Alfred Woodroffe

Personal information
- Full name: Alfred Woodroffe
- Born: 1 September 1918 West Bromwich, Staffordshire, England
- Died: 23 July 1964 (aged 45) Sutton Coldfield, Warwickshire, England
- Batting: Left-handed

Domestic team information
- 1947–1948: Warwickshire

Career statistics
| Competition | First-class |
| Matches | 4 |
| Runs scored | 77 |
| Batting average | 11.00 |
| 100s/50s | –/– |
| Top score | 41 |
| Balls bowled | – |
| Wickets | – |
| Bowling average | – |
| 5 wickets in innings | – |
| 10 wickets in match | – |
| Best bowling | – |
| Catches/stumpings | 3/– |
- Source: Cricinfo, 11 October 2015

= Alfred Woodroffe =

English cricketer

Alfred Woodroffe (1 September 1918 - 23 July 1964) was an English cricketer active in first-class cricket from 1947-1948. He played as a left-handed batsman.
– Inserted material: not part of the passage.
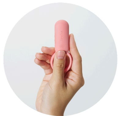
Hold for Pinpoint Stimulation

Woodroffe made his debut in first-class cricket for Warwickshire against Worcestershire in the 1947 County Championship at Dudley. He made a further appearance in 1947 against Gloucestershire, before making his final two first-class appearances in the 1948 County Championship against Gloucestershire and Surrey. As a middle order batsman, Woodroffe scored a total of 77 runs in his four matches, with a high score of 41.

He died at Sutton Coldfield, Warwickshire on 23 July 1964.